## WORK INSTRUCTION
Print the data verbatim. Leave every image out.

## AVAILABLE DATA

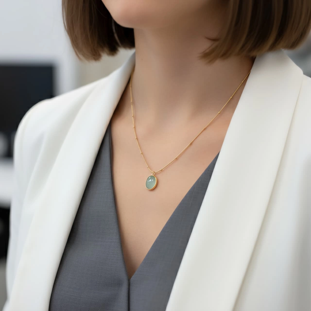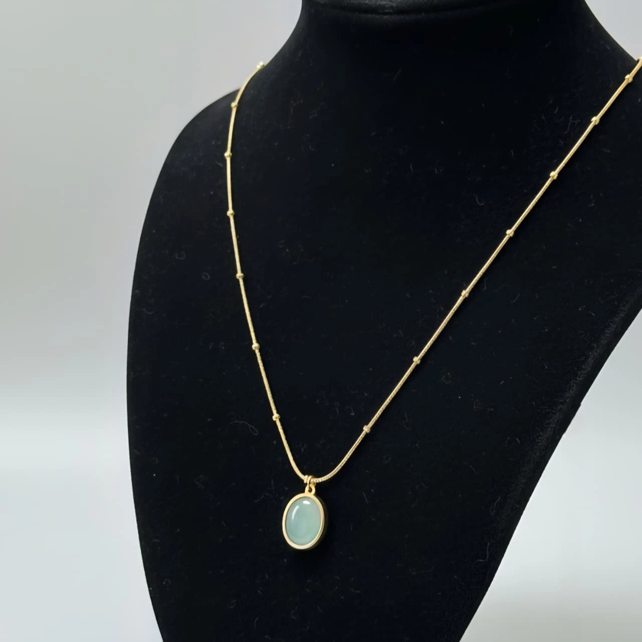 Discover timeless elegance with our Aqua Green Necklace. Featuring an 18k gold plated finish, this piece is crafted to be skin safe, hypoallergenic, waterproof, and anti-tarnish, ensuring lasting beauty and comfort.
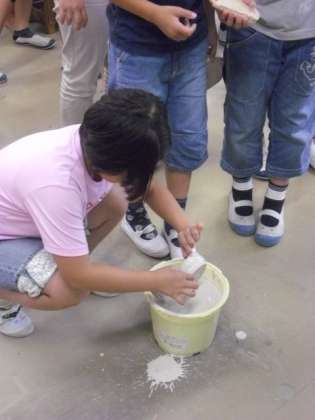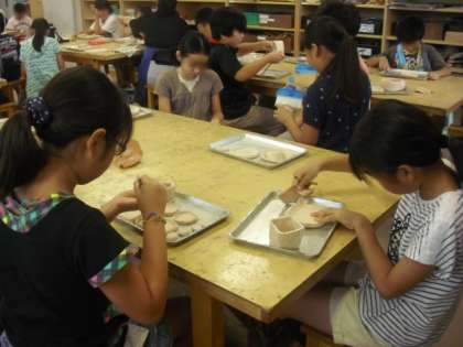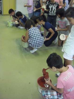 先週作り、素焼きしたお皿に、今日は、釉薬をつけました。釉薬には3種類あり、焼き上がると、それぞれ色が違います。
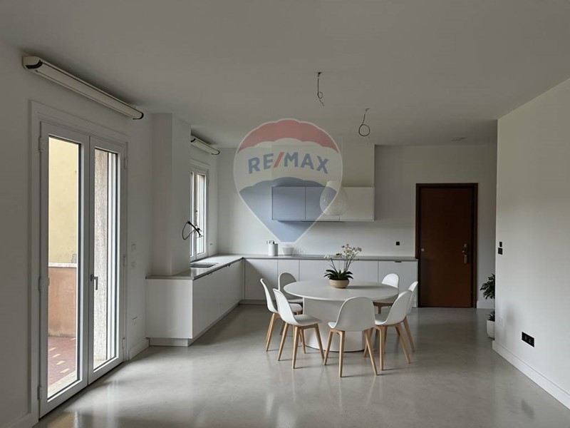 Lingresso conduce ad un ampio e luminoso soggiorno con cucina a vista, caratterizzato da ampie finestre che conducono al primo balcone. La zona giorno, studiata per garantire funzionalità e design, è predisposta per un impianto di climatizzazione moderno.
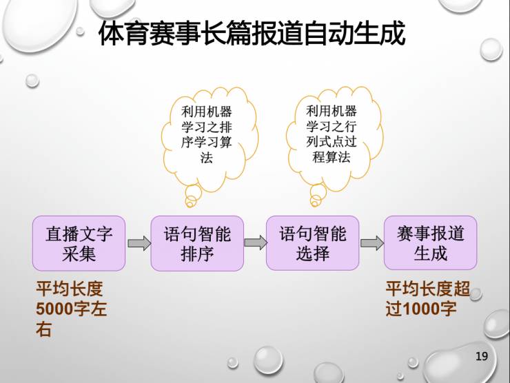 另一个是体育赛事的长篇报道的自动生成。简讯包含的信息量很少,我们想生成一个长篇的报道来介绍整个比赛的过程。我们经常发现著名的体育比赛下面都有文字直播,通常包含主持人对这样一个比赛的精彩细节的描述,我们通过机器学习的手段,能够把这些精彩的描述挑选出来,放到我们最终的报道中,这个报道就写得比较长,可以达到上千字以上。首先借助机器学习的手段,对直播文字进行语句的智能排序,再进行智能选择,最后生成一个平均长度超过1000字的赛事的报道。我们看到直播文字一般会达到数千字,一般是5000字以上,所以要从5000字中选择和拼凑出1000字以上的长篇报道。

## RESULT FOR THIS TASK
 Discover timeless elegance with our Aqua Green Necklace. Featuring an 18k gold plated finish, this piece is crafted to be skin safe, hypoallergenic, waterproof, and anti-tarnish, ensuring lasting beauty and comfort.
 先週作り、素焼きしたお皿に、今日は、釉薬をつけました。釉薬には3種類あり、焼き上がると、それぞれ色が違います。
 Lingresso conduce ad un ampio e luminoso soggiorno con cucina a vista, caratterizzato da ampie finestre che conducono al primo balcone. La zona giorno, studiata per garantire funzionalità e design, è predisposta per un impianto di climatizzazione moderno.
 另一个是体育赛事的长篇报道的自动生成。简讯包含的信息量很少,我们想生成一个长篇的报道来介绍整个比赛的过程。我们经常发现著名的体育比赛下面都有文字直播,通常包含主持人对这样一个比赛的精彩细节的描述,我们通过机器学习的手段,能够把这些精彩的描述挑选出来,放到我们最终的报道中,这个报道就写得比较长,可以达到上千字以上。首先借助机器学习的手段,对直播文字进行语句的智能排序,再进行智能选择,最后生成一个平均长度超过1000字的赛事的报道。我们看到直播文字一般会达到数千字,一般是5000字以上,所以要从5000字中选择和拼凑出1000字以上的长篇报道。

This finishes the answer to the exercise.